Beginning with the line containing "Atualiza a página", write out each line exactly through the end of the listing, and skip all pictures.

Start of Data section

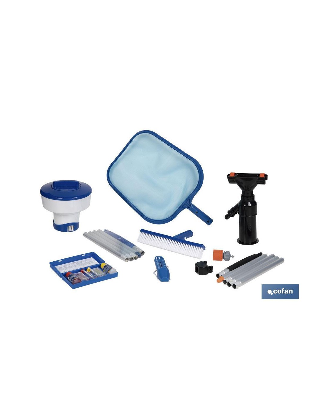 Kit de mantenimiento y limpieza de piscinas con todo lo necesario para hacer el trabajo más eficiente y sin esfuerzo. El kit incluye 6 artículos esenciales para mantener la piscina en perfectas condiciones, facilitando las tareas de limpieza y asegurando un entorno acuático saludable:Cepillo de Paredes y Fondos: Ideal para eliminar la suciedad y las algas adheridas a las superficies de la piscina. Sus cerdas resistentes permiten una limpieza profunda sin dañar el revestimiento, con una medida de 25 x 15 x 14 cm.Recogedor de Hojas con pértiga incluida desmontable: Perfecto para retirar hojas, insectos y otros desechos flotantes de la superficie de la piscina. Su malla fina asegura que ningún residuo quede atrás. La medida es de 43 x 29 x 4,5 cm y la pértiga de 122 cm en 5 secciones.Termómetro: Mantén el control de la temperatura del agua de la piscina con este práctico termómetro fijo, recoge una muestra de agua y comprueba la temperatura. Con una medida de 16,8 x 3 cm y fabricado en polipropileno para un uso duradero.Kit de Pruebas de Agua: Asegura de que el agua de la piscina esté siempre en perfectas condiciones midiendo los niveles de pH y cloro con este sencillo kit de pruebas. Dosificador: Utiliza el dosificador para mantener los niveles de cloro en la piscina, asegurando que el agua se mantenga limpia y libre de contaminantes. Para pastillas de cloro de 200 g. Su medida es de 17,5 cm de diámetro y 19,5 cm de alto.Aspirador con pértiga desmontable: El cuerpo del aspirador está fabricado en ABS de alta calidad, con una medida de 23 x 13,5 cm, mientras que la pértiga está hecha de aluminio resistente con una medida de 120 cm dividida en 5 secciones para alcanzar las áreas más difíciles. Incluye una bolsa recolectora para una limpieza del suelo de la piscina, con sistema de aspiración Venturi, que aprovecha la presión del agua de la manguera para crear succión y recoger toda la suciedad. El kit es adecuado para todo tipo de piscinas. Incluye herramientas que cubren todas las áreas críticas de la limpieza de piscinas, desde la eliminación de hojas y desechos hasta la limpieza de las paredes y el fondo.Los artículos del kit son ligeros y compactos, lo que facilita su almacenamiento cuando no están en uso. Además, su diseño modular permite que ocupen el mínimo espacio posible.
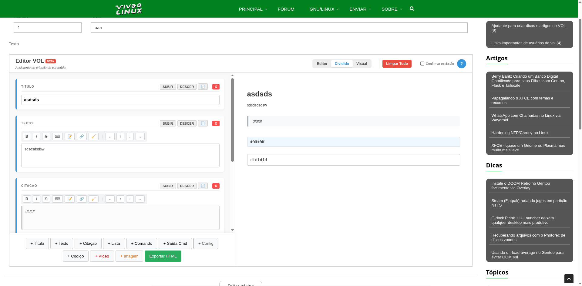 Atualiza a página e vê se vai aparecer o editor embutido na página de dica ou artigo.
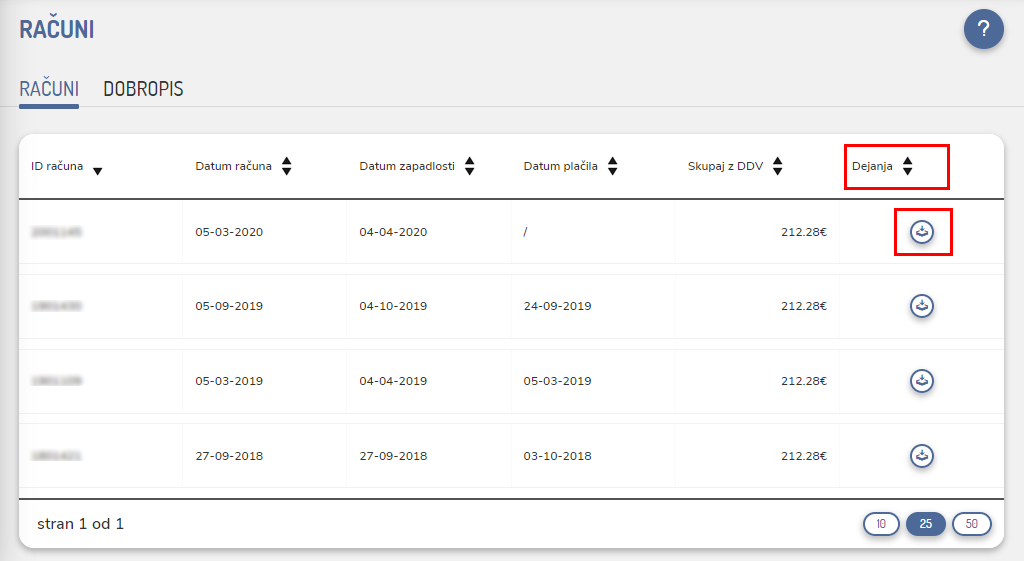 S klikom na gumb Prenesi račun (stolpec Dejanja), pa lahko račun tudi prenesete na vaš računalnik.
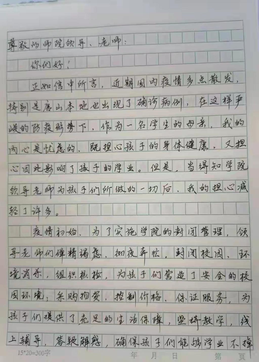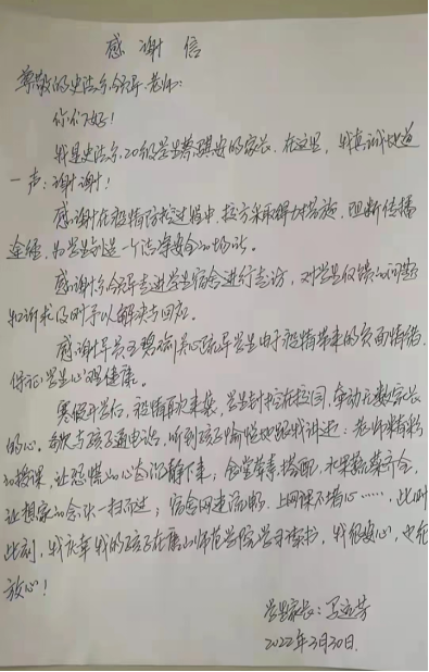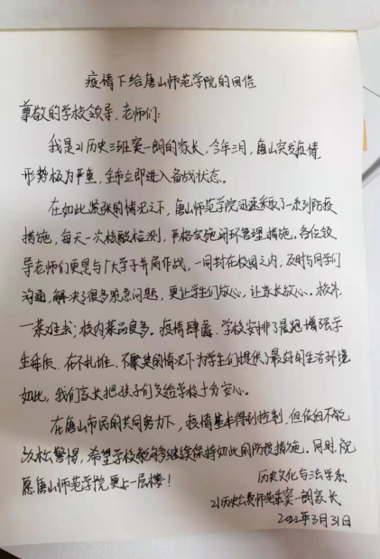 自唐山疫情爆发以来,万象城awcsport官网立刻实行全封闭管理,保护师院师生的安全。3月22日,党委宣传部发布了致全校师生的一封信。对此,一些学生家长以各种方式纷纷发来了回信。

End of Data section

● **Answer below**
 Atualiza a página e vê se vai aparecer o editor embutido na página de dica ou artigo.
 S klikom na gumb Prenesi račun (stolpec Dejanja), pa lahko račun tudi prenesete na vaš računalnik.
 自唐山疫情爆发以来,万象城awcsport官网立刻实行全封闭管理,保护师院师生的安全。3月22日,党委宣传部发布了致全校师生的一封信。对此,一些学生家长以各种方式纷纷发来了回信。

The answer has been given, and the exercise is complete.